## Problem requirements
The records below are to be reproduced exactly, with every picture left out.

==*==

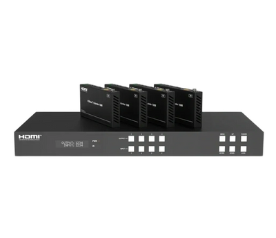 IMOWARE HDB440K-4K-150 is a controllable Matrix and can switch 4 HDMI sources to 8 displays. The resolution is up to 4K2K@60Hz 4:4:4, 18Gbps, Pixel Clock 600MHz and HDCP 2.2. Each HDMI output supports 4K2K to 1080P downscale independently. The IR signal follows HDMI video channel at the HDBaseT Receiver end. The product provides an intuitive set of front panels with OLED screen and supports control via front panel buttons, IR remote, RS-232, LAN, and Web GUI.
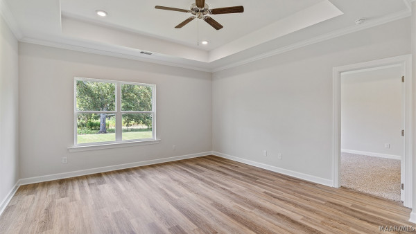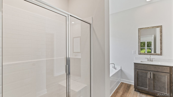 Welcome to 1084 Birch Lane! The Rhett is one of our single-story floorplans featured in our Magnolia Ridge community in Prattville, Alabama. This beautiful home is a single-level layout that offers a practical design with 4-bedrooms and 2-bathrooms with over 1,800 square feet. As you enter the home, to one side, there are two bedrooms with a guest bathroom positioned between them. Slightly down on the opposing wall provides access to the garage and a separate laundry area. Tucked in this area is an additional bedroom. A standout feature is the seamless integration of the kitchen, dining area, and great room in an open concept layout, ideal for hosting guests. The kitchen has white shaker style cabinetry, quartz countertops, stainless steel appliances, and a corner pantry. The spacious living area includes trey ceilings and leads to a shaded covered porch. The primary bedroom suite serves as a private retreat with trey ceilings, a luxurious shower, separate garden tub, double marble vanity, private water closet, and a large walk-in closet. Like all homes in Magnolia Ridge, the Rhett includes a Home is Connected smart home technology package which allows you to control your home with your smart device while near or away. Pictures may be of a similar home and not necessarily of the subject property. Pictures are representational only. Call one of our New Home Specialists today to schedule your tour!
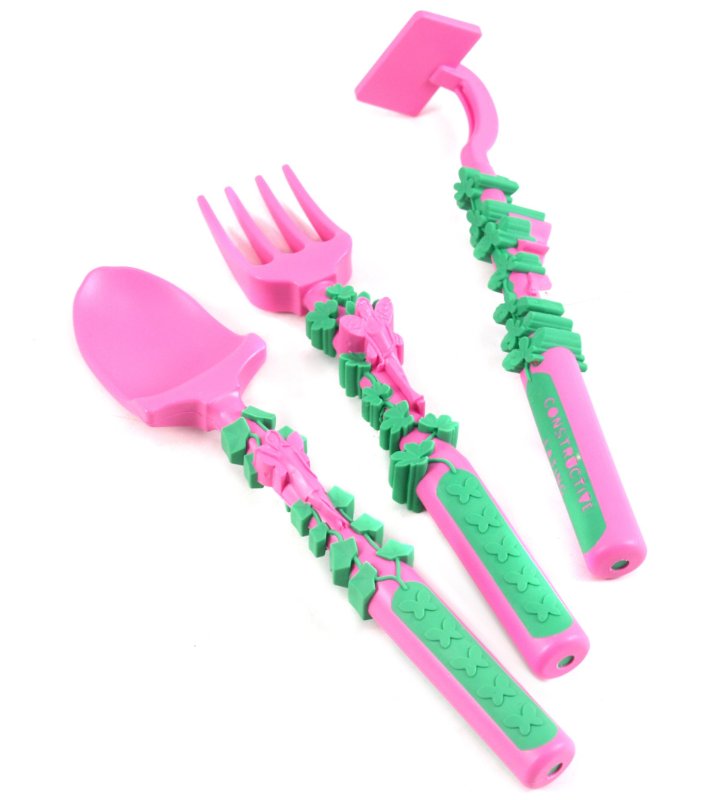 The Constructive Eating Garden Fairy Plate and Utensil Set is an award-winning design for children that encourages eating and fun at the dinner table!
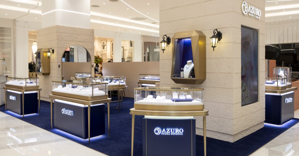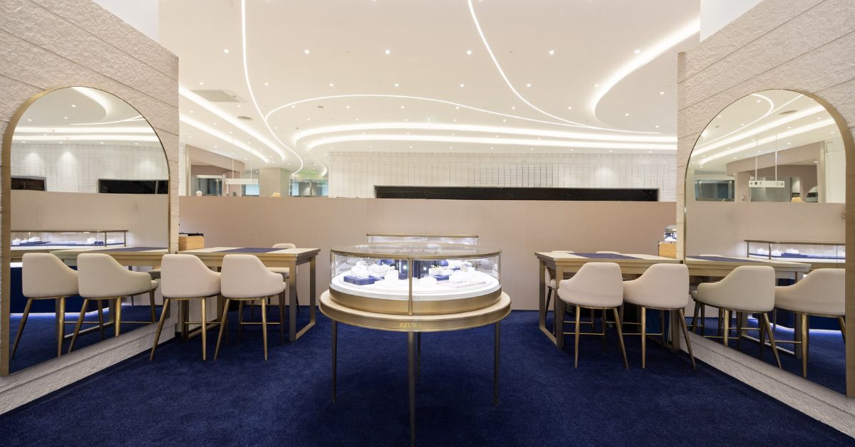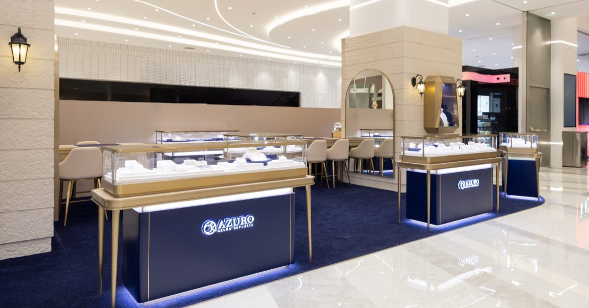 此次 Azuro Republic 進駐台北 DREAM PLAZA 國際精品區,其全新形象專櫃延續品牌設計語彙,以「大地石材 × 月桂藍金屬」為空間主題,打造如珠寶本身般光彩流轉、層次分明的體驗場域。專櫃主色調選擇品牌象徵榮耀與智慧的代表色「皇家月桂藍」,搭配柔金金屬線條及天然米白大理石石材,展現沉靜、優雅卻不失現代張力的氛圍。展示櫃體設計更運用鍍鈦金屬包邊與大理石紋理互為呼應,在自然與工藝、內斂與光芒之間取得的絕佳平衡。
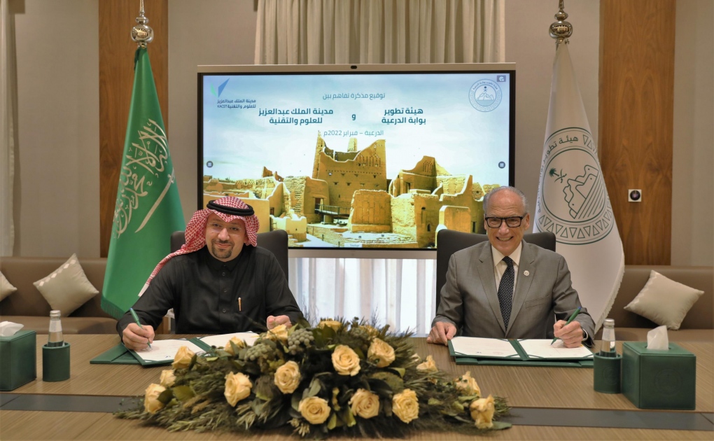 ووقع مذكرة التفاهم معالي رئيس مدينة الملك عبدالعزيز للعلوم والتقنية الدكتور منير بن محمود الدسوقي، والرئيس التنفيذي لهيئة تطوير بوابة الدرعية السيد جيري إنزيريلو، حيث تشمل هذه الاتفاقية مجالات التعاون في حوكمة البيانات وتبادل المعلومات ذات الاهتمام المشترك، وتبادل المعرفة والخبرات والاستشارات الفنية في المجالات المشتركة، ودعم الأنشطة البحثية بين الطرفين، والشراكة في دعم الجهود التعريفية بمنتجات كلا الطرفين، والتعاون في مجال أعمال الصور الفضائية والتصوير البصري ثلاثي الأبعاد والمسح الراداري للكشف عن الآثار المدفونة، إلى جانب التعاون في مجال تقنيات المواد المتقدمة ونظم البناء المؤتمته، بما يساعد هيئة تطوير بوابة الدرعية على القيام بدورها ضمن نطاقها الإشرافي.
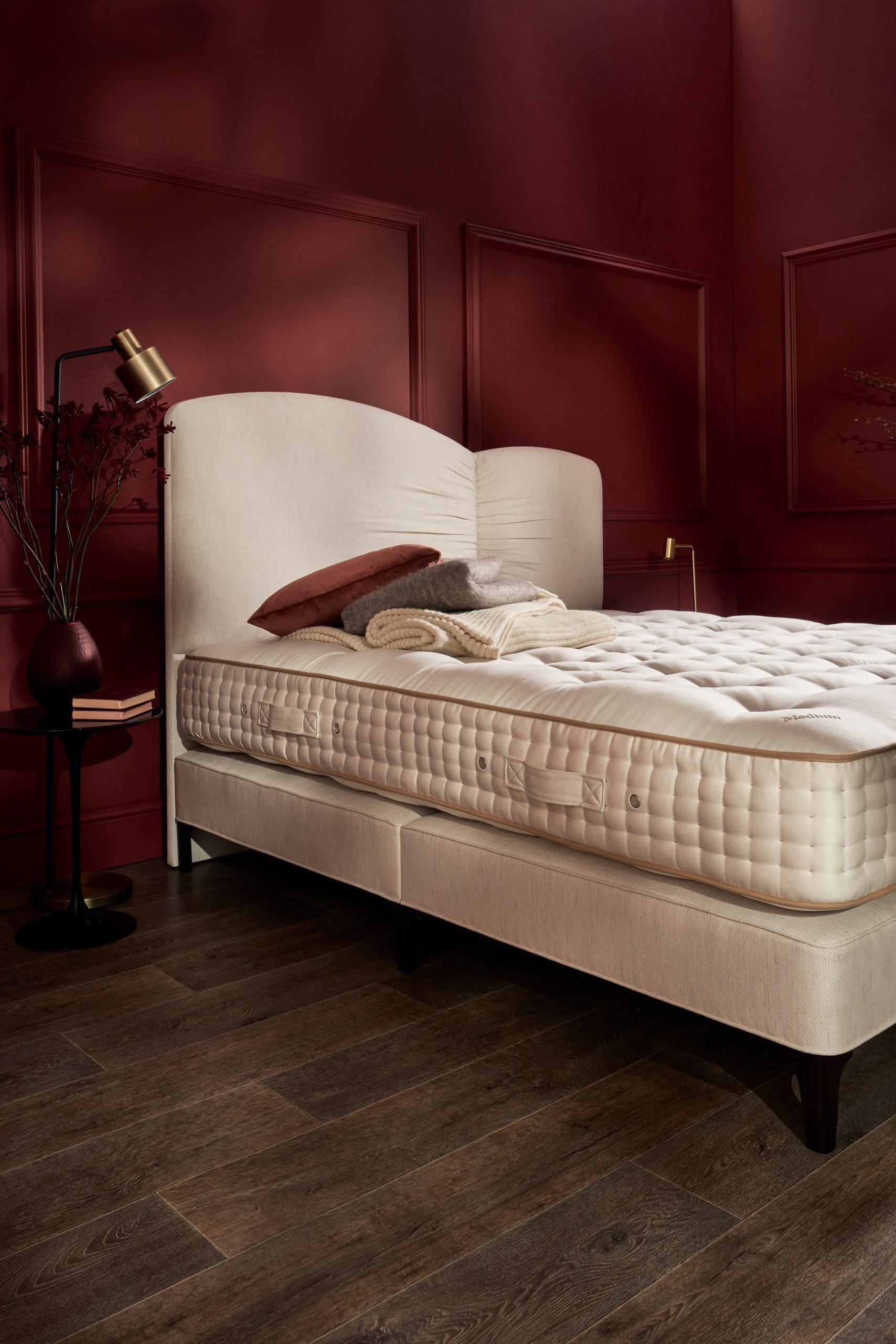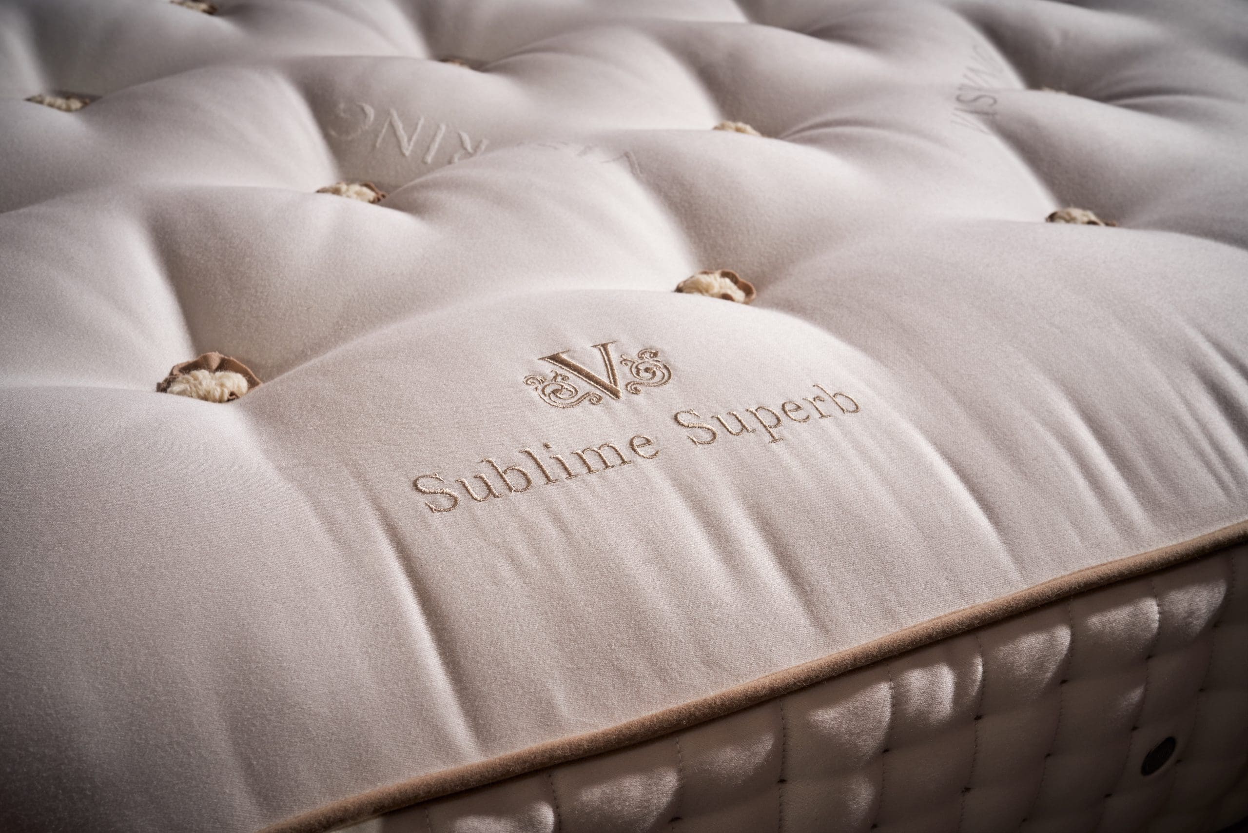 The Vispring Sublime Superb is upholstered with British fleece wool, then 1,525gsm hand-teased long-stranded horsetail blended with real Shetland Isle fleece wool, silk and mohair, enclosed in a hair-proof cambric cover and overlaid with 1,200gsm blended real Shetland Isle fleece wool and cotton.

==*==

## Answer to this exercise
 IMOWARE HDB440K-4K-150 is a controllable Matrix and can switch 4 HDMI sources to 8 displays. The resolution is up to 4K2K@60Hz 4:4:4, 18Gbps, Pixel Clock 600MHz and HDCP 2.2. Each HDMI output supports 4K2K to 1080P downscale independently. The IR signal follows HDMI video channel at the HDBaseT Receiver end. The product provides an intuitive set of front panels with OLED screen and supports control via front panel buttons, IR remote, RS-232, LAN, and Web GUI.
 Welcome to 1084 Birch Lane! The Rhett is one of our single-story floorplans featured in our Magnolia Ridge community in Prattville, Alabama. This beautiful home is a single-level layout that offers a practical design with 4-bedrooms and 2-bathrooms with over 1,800 square feet. As you enter the home, to one side, there are two bedrooms with a guest bathroom positioned between them. Slightly down on the opposing wall provides access to the garage and a separate laundry area. Tucked in this area is an additional bedroom. A standout feature is the seamless integration of the kitchen, dining area, and great room in an open concept layout, ideal for hosting guests. The kitchen has white shaker style cabinetry, quartz countertops, stainless steel appliances, and a corner pantry. The spacious living area includes trey ceilings and leads to a shaded covered porch. The primary bedroom suite serves as a private retreat with trey ceilings, a luxurious shower, separate garden tub, double marble vanity, private water closet, and a large walk-in closet. Like all homes in Magnolia Ridge, the Rhett includes a Home is Connected smart home technology package which allows you to control your home with your smart device while near or away. Pictures may be of a similar home and not necessarily of the subject property. Pictures are representational only. Call one of our New Home Specialists today to schedule your tour!
 The Constructive Eating Garden Fairy Plate and Utensil Set is an award-winning design for children that encourages eating and fun at the dinner table!
 此次 Azuro Republic 進駐台北 DREAM PLAZA 國際精品區,其全新形象專櫃延續品牌設計語彙,以「大地石材 × 月桂藍金屬」為空間主題,打造如珠寶本身般光彩流轉、層次分明的體驗場域。專櫃主色調選擇品牌象徵榮耀與智慧的代表色「皇家月桂藍」,搭配柔金金屬線條及天然米白大理石石材,展現沉靜、優雅卻不失現代張力的氛圍。展示櫃體設計更運用鍍鈦金屬包邊與大理石紋理互為呼應,在自然與工藝、內斂與光芒之間取得的絕佳平衡。
 ووقع مذكرة التفاهم معالي رئيس مدينة الملك عبدالعزيز للعلوم والتقنية الدكتور منير بن محمود الدسوقي، والرئيس التنفيذي لهيئة تطوير بوابة الدرعية السيد جيري إنزيريلو، حيث تشمل هذه الاتفاقية مجالات التعاون في حوكمة البيانات وتبادل المعلومات ذات الاهتمام المشترك، وتبادل المعرفة والخبرات والاستشارات الفنية في المجالات المشتركة، ودعم الأنشطة البحثية بين الطرفين، والشراكة في دعم الجهود التعريفية بمنتجات كلا الطرفين، والتعاون في مجال أعمال الصور الفضائية والتصوير البصري ثلاثي الأبعاد والمسح الراداري للكشف عن الآثار المدفونة، إلى جانب التعاون في مجال تقنيات المواد المتقدمة ونظم البناء المؤتمته، بما يساعد هيئة تطوير بوابة الدرعية على القيام بدورها ضمن نطاقها الإشرافي.
 The Vispring Sublime Superb is upholstered with British fleece wool, then 1,525gsm hand-teased long-stranded horsetail blended with real Shetland Isle fleece wool, silk and mohair, enclosed in a hair-proof cambric cover and overlaid with 1,200gsm blended real Shetland Isle fleece wool and cotton.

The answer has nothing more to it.